Cloud Development Machine In Azure - Imaginatively Named Blog

Notes about software development

I need a new development laptop. I prefer Macbook Pros. But it’s Oct 2nd and the highly likely rumor is that Apple will announce the new version of the MBP on October 15th. I will be VERY unhappy if the new line comes out so soon after such a major purchase, so I need to hold off and make due with something else for a while.

I have a nearly 10 year old 15” dell laptop sitting on a shelf in my office. It has a 2G of RAM (maximum, absolutely cannot be ugraded) and god knows how old and slow of a CPU. It currently runs Ubuntu VERY SLOWLY. I can’t imagine trying to run VS.NET 2012 on it without feeling a lot of pain. But it IS able to run an RDP client, and that can open up all sorts of possibilities for me.

I decided I’ll run my development machine IN THE CLOUD for a couple of weeks while I wait. Then I can just RDP to it from any terrible machine (even my ipad!) and get some work done! Doesn’t matter where I am as long as I have internet access, and I always have internet access dammit.

So first, picking a cloud provider to run it. I’ve used Amazon EC2 plenty in the past. It’s pretty easy to deal with. I checked it out. To run Windows on a decently powered “Large” VM it’ll cost $.364 an hour. They’ll let you run free VMs for a year, but those are only “Micro” which equals up pretty closely with the hardware on my 10 year old laptop. I also jumped on that free trial a long time ago and am no longer eligible. So at $.364 and hour I’d estimate a cost of $58.24 to run it 40 hours for 4 weeks while I get all set up. Not bad really.

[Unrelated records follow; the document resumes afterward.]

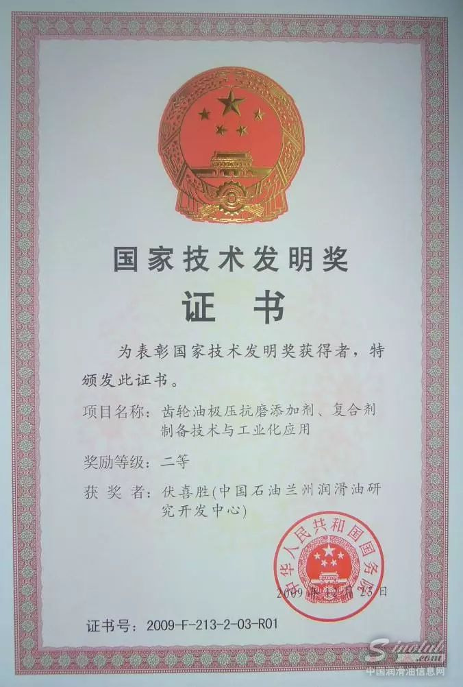 “齿轮油极压抗磨添加剂、复合剂制备技术与工业化应用”获得2009年国家技术发明奖二等奖,技术应用于汽车、钢铁、风电行业及军事装备中,使高端齿轮油市场份额达到30%。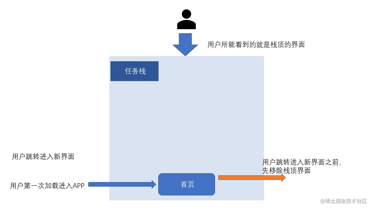 解决这个问题就是在每次跳转到新的界面的时,都先销毁当前界面,就是让它出栈,图示如下: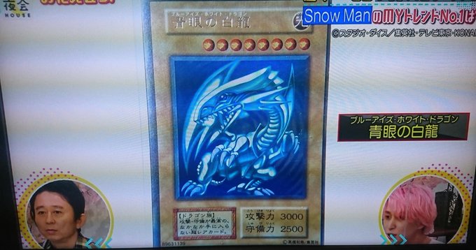 海馬社長(CV.津田健次郎さん)「何?!伝説の初期の【青眼の白龍】カードだと?!それを一番CDが売れてるSnow Manのメンバーが持っているとは…最強のオレのように、正に最強のアイドルグループにふさわしい…。」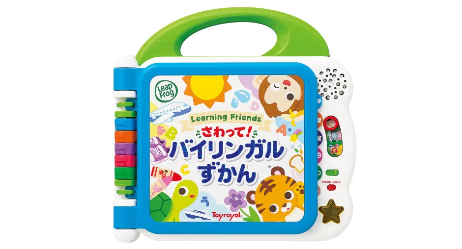 指で触るだけで日本語と英語をおしゃべりする図鑑で、タッチペン不要で簡単に遊べます。全12ページにサウンド85種類以上、ことばが460種類以上収録されており、日本語と英語を切り替えて別々に聞くことができます。星のメロディボタンを押すとボタンがピカピカ光って2曲の愉快な歌が流れます。絵をタッチすることで動物の名前や鳴き声が音声で出てくるので、言葉の発達を促し、英語モードに切り替えると英語脳・英語耳を鍛えられます。便利な取っ手付きでどこにでも持ち運びができます。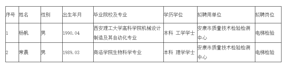 附件:安康市質量技術監督局2018年公開招聘緊缺特殊人才擬聘用人員匯總表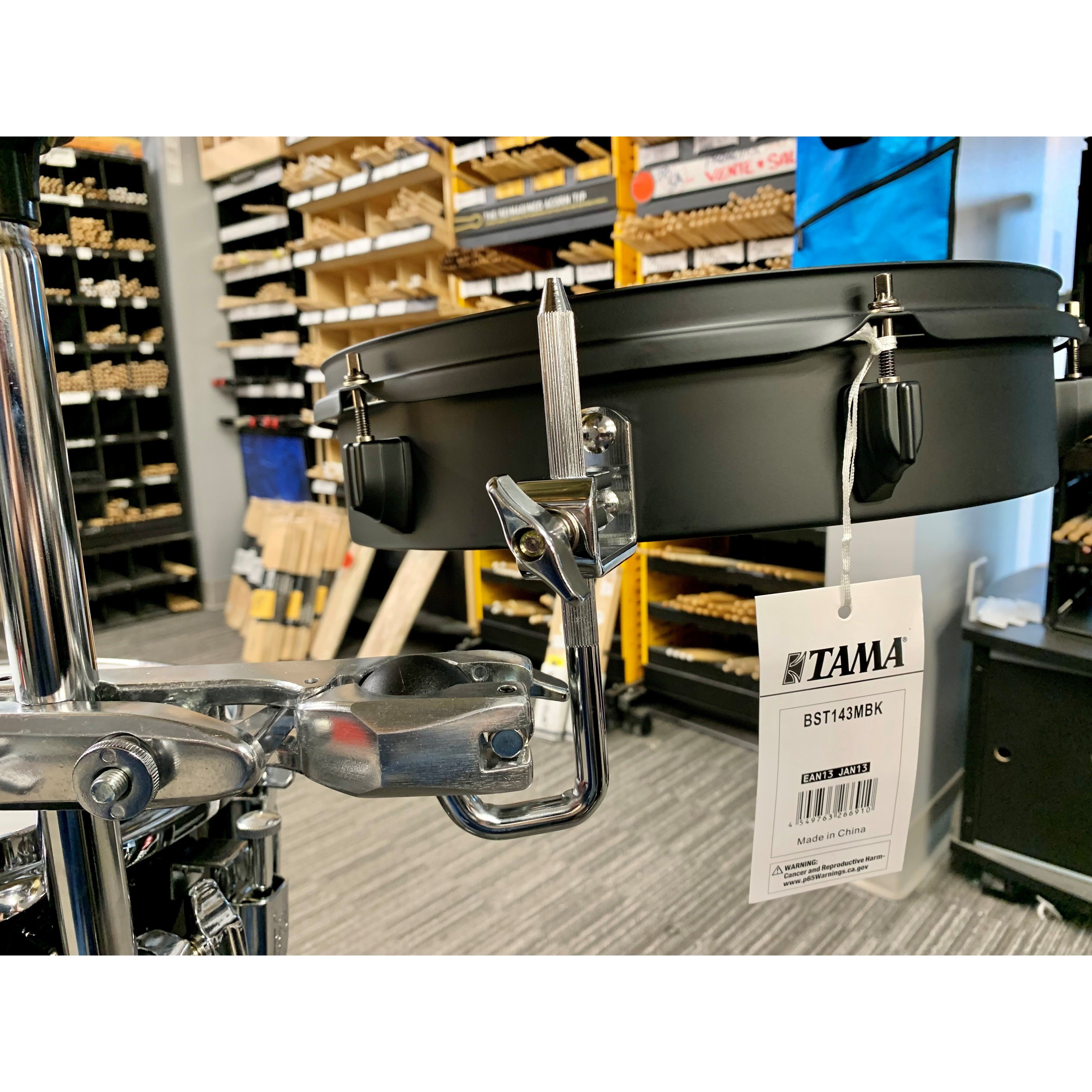 The Metalworks "Effect" snare drums add unique snare sounds to your drum kit. By dampening the snare with a ring mute, this 14"x3" snare has fat low-end sound with a short sustain. The newly developed Mod-Tone system allows you to precisely adjust the snare wire tension smoothly. The snare can be easily placed anywhere on the drum kit with the included MC69 single tom attachment.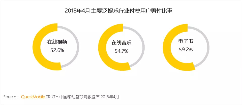 QuestMobile数据显示,尽管在泛娱乐行业的渗透率方面略低于女性,但男性却是泛娱乐行业付费主力。男性在消费时追求愉悦感的特征凸显。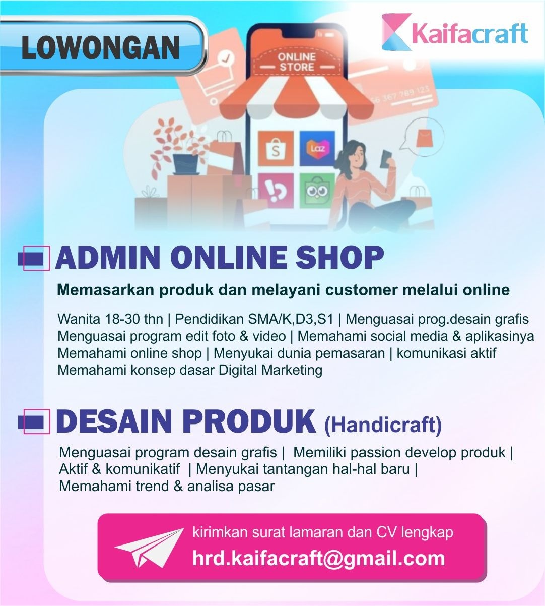 Lokertasikmalaya.ID – Update Info lowongan Kerja 4 Januari 2025, Lowongan Kerja Kaifacraft

But then I saw Azure has a free trial too. $200 free for one month. I hadn’t looked at Azure in a long time, but I keep reading about how much friendlier it has become. So I decided to give it a shot.

Amazingly easy to set up. Just entered my old hotmail/live/outlook.com/whatever you want to call it account name and password. Confirmed the account and entered billing information (for when I forget to turn this thing off at the end of the month and they can hit me). Within 5 minutes I was looking at the “portal” and ready to create a VM.

And that was easy too! Click “+NEW” on the bottom menu and choose “Virtual Machine”, then “From Gallery.” They have all sorts of nice options in here, ubuntu servers, suse servers, windows 2012, and… “Visual Studio Ultimate 2013 RC”! Looks like it’s a nice windows OS loaded up with VS.NET 2013 and all the fixings already. Let’s give it a try…

Choose your VM

After that you enter a simple name and VM size. I picked “Large” because it’s 4 cores with 7G of memory. Seems plenty enough for coding. After that you set up how it will be accessed (RDP enabled by default) and some other simple stuff I forget and then it spins it up.

After about 10 minutes it’s there, ready for me. I’m armed with admin credentials and I’m not afraid to use them. Install Chrome, cygwin, github for windows, node.js. Everything goes nice and fast. This is great!

So that’s my plan for a bit, until I’m sure my laptop purchase won’t immediately become obsolete. Development IN THE CLOUD free for a month.